White’s fiction employs humour, florid prose, shifting narrative vantage points and stream of consciousness techniques. In 1973 he was awarded the Nobel Prize in Literature.
White was born in London in 1912.
Originally from Australia, his parents took the family back to Sydney when White was six months old.
White initially attended a boarding school near Sydney, but was later sent to a boarding school in England.
After finishing school, White returned to Australia and worked on a rural farming property for two years.
Travelling the world
From 1932 to 1935, White lived in England, studying French and German literature at King’s College, Cambridge University.
During White’s time at Cambridge he published a collection of poetry entitled The Ploughman and Other Poems, and wrote a play named Bread and Butter Women.
After completing his degree, White moved to London.
In 1937, White’s father died, leaving him a large inheritance. This enabled White to write full-time in relative comfort. Two more plays followed before he succeeded in finding a publisher for Happy Valley.
Towards the end of the 1930s, White spent time in the United States, including Cape Cod, Massachusetts, and New York City – during this period he wrote The Living and the Dead.
By the time World War II broke out, White had returned to London and joined the British Royal Air Force. He was accepted as an intelligence officer, and was posted to the Middle East. He served in Egypt, Palestine, and Greece before the war was over. While in the Middle East, he had a relationship with a Greek army officer, Manoly Lascaris, who was to become his life partner.
White and Lascaris lived together in Cairo for six years before moving to a small farm purchased by White near Sydney, in 1948.

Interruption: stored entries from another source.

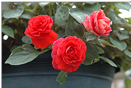
Fiesta Ole Deep Orange Double Impatiens flowers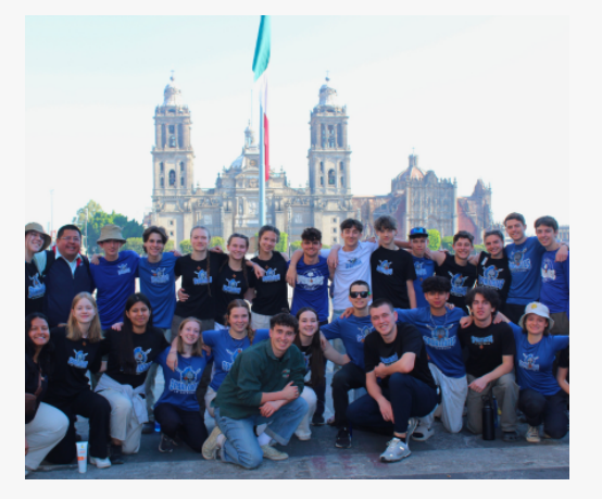
JMS members during their mission trip

Since they are about my age but have lived three times my life, these young people have an almost supernatural force inside them. This perhaps explains why they get up every day with a huge smile stamped on their faces. From my first steps on Mexican soil, I realized that, even if these children had had one-thousandth of the opportunities we have, they were a thousand times happier.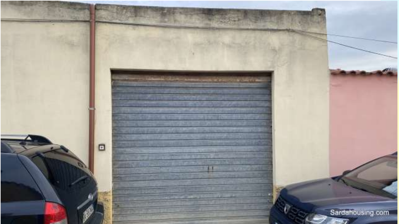
3 - Soleminis - Cagliari - House Roma - drivable entrance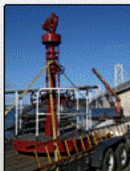
SFFD Fire boat Phoenix , manu- ally operated monitor and noz- zle—to be used as Marina Monument

On October 17, 1989, San Francisco experienced an earthquake with a magnitude of 7.1 on the Richter scale. The aftermath of such an event and its effect on San Francisco's residents led to specific action. The San Francisco Fire Department, prompted by the residents in the city, formed the Neighborhood Emergency Response Team Training Program, which currently provides training in disaster and emergency response. Since 1990 the NERT program has trained more than 11,000 San Francisco residents to be self sufficient in a major disaster. Through this program, individuals will also learn hands-on disaster skills that will help them as members of an emergency response team.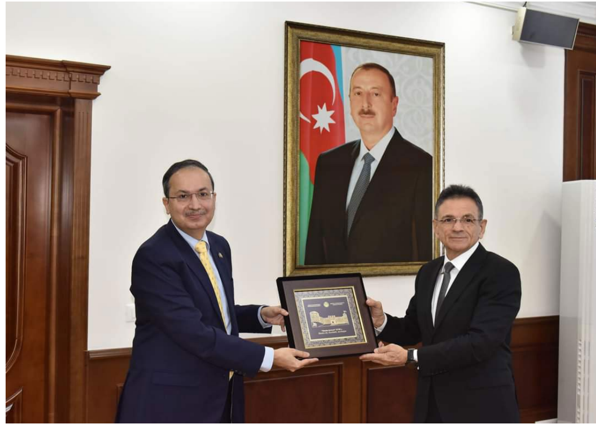
Baku: Pakistan ambassador to Azerbaijan Bilal Hayee calls on Minister Defense Industry of Azerbaijan Madat Guliyev. Issues of bilateral co-op including implementation status of “Protocol of Cooperation” signed in Baku on 2 Dec 2021 discussed. – DNA

preparations to evacuate all civilians, including Turks.” “There is a dual situation, part of the city is under Russian control and part under Ukrainian control. As a result, we are striving to achieve what has to be done in humanitarian terms.” Last week, Ukrainian President Volodymyr Zelenskyy said Turkey proposed a plan to help evacuate wounded people from the Ukrainian city of Mariupol. Turkey had previously stated it is ready to provide ships for the evacuation of civilians and those wounded in Mariupol. Turkey has been one of the countries leading efforts to find a diplomatic solution to the ongoing Russian invasion of Ukraine, which has impacted millions of civilians. – APP

After the death of White’s mother in 1963, they moved into a large house, Highbury, in Centennial Park, where they lived for the rest of their lives.
Growth of writing career
In 1955, White published The Tree of Man. Although the novel received a lukewarm reception in Australia, it was critically acclaimed in the United States.
His next novels, Voss, and Riders in the Chariot, were also major successes and White’s reputation as an internationally renowned author was established.
White was awarded the Nobel Prize for Literature in 1973.
White had numerous relationships with men throughout the years, but it was Manoly Lascaris that he spent most of his life with.
White died in Sydney on 30 September 1990.